На этот раз наше с Изольдой общение прервал неожиданный приход вчерашнего бомжа. В руках у него была связка книг, да так слабо перевязанная, такой хлипкой, видавшей виды бумажной веревкой, что было непонятно, как он только не растерял все книги по дороге.

Андерсен опрометью бросился встречать гостя. Кот с непонятным энтузиазмом обнюхал широченные, короткие, когда-то зелёного цвета брюки посетителя и замер в позе ожидания. И точно, — нюх не подвёл Андерсена: бомж запустил руку в глубокий карман штанов, достал оттуда маленькую, завернутую в целлофан рыбку и, развернув, радостно бросил её прямо на пол.

— Вот, братан!.. Специально для тебя, в Обводном канале поймал, — гордо сказал он коту.

Андерсен даже зажмурился от восторга. Он бочком подошёл к рыбке, одной лапкой дотронулся до неё, потом, подцепив когтями, подбросил вверх. Рыбка, проделав сальто в воздухе, шлепнулась на пол. Андерсен, выгнув спину, бочком попятился прочь от тушки, потом так же бочком приблизился и повторил всё сначала. В общем, когда рыбка достаточно налеталась, Андерсен с довольным урчанием очень быстро уплел неожиданное угощение.

Сначала мне захотелось для порядка возмутиться чем-нибудь: или тем, что рыбка выловлена из грязного Обводного канала, или тем, что бомж её прямо на пол бросил, но устроенное Андерсеном шоу вдребезги разбило мою решимость. Тем более, что, взглянув на них обоих, — на бомжа и на Андерсена, — я почувствовала между ними такое взаимопонимание, что возмутиться стало и вовсе не возможно.

— Ну, хорошо, давайте посмотрим ваши книги, — благодушно сказала я.

В связке было шесть книг… Три из них для детей, в том числе «Семь подземных королей» и «Жёлтый туман» А. Волкова, — обе с классическими иллюстрациями Владимирского. Третьей детской книгой оказалась «Голубая чашка» Гайдара. Остальные: «Новеллы» Гофмана, «Дары волхвов» О. Генри и «Мистерии» Гамсуна.

Несмотря на то, что у нас уже были в наличии О. Генри и Гамсун, я, почему-то решила взять все книги.

Видимо, хорошо зная порядок, бомж снова засунул руку в карман своих полинявших, когда-то зелёных штанов, и извлёк оттуда справку, которая, так же, как и рыбка, была завёрнута в целлофан, — такие справки дают бездомным в качестве временной замены паспорта. В справке говорилось, что бомжа зовут Серафимом Васильевичем. «Какое редкое имя — Серафим! — подумала я. — Никогда не встречала людей с таким именем».

Бомж Серафим оказался очень начитанным: когда я рассматривала принесённые книги, он умудрялся давать им такие точные характеристики, что было ясно — он хорошо знает и авторов, и произведения. А «Голубую чашку» ему, оказывается, читали в детстве родители. «Да, конечно, ведь бомжами не рождаются!..» — глубокомысленно рассудила я.

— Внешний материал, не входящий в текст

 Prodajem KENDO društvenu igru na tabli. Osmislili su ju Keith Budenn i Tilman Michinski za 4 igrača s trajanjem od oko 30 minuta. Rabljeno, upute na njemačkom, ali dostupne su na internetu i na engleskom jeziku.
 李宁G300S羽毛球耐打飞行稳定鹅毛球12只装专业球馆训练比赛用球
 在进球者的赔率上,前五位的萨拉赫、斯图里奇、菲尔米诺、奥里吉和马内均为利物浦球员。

Всё время пока мы рассматривали книги, Андерсен не отходил от Серафима ни на шаг, смотрел ему в глаза и жадно внимал каждому слову. Можно было подумать, что Андерсену очень важно, как Серафим относится к О. Генри и Гофману.

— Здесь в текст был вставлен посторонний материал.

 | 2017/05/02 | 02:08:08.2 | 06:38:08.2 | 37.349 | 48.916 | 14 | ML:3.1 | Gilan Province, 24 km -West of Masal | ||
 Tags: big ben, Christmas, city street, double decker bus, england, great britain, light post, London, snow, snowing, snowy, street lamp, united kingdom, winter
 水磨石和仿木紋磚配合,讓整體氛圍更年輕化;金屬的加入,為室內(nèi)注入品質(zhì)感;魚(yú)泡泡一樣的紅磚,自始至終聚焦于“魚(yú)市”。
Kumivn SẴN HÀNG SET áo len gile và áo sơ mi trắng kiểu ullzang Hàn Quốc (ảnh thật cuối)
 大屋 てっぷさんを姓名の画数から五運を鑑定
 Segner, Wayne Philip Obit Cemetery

Изольда тоже, по-моему, очень внимательно прислушивалась к нашей беседе, но виду старалась не подавать. Она сидела на стуле за столиком, выпрямившись, словно королева, и иногда украдкой смотрела на нашего посетителя. «Наверно, она сейчас сидит и тихо презирает его», — предположила я. — А может, наоборот, пытается бороться с презрением, сообразно, со своей новой философией — «быть ближе к жизни».

Бомж Серафим, в свою очередь, постоянно косился на Изольду и часто даже осекался, взглянув на неё. И в самом деле, было от чего запнуться: выглядеть она всегда умудрялась, если не высокомерно, так, во всяком случае, помпезно. Не подступись! Ну, не было в её внешности никакой простоты или открытости. Взглянув на неё, никто не смог бы предположить, что в её груди бьётся и страдает самое настоящее разбитое сердце.

Весь её облик — напряжённо выпрямленная фигура, неприступное выражение лица и высокая вычурная прическа — так противоречили разномастному, бесшабашному одеянию Серафима. Честно говоря, рядом с ней он больше всего напоминал клоуна из цирка, — особенно, когда молчал. Но, если уж он начинал говорить, то воспринимать его в целом становилось ещё труднее: несоответствие между его обликом и культурой речи было вопиющим. Создавалось впечатление, что он с некоторых пор потерял уважение к общепринятым нормам и теперь, что называется, ни в грош их не ставит. Он и вправду чем-то похож на циркового клоуна, который однажды, заигравшись, забыл снять грим.

Во всяком случае, в соответствии со справкой, потерянным видом и формой одежды, Серафим Васильевич был самым настоящим бомжом. Тут двух мнений быть не могло. А вот как он дошёл до жизни такой, мы не знаем, да и вообще, мы ничего о нём не знаем…

Что ж, я могу только догадываться, о чём думают напыщенная Изольда или бомж Серафим, потому что в этой компании я по-настоящему понимаю только Андерсена. Потому что я очень люблю моего кота, и мне кажется, что я отлично слышу его мысли. Андерсен тоже ко мне очень привязан, я это чувствую.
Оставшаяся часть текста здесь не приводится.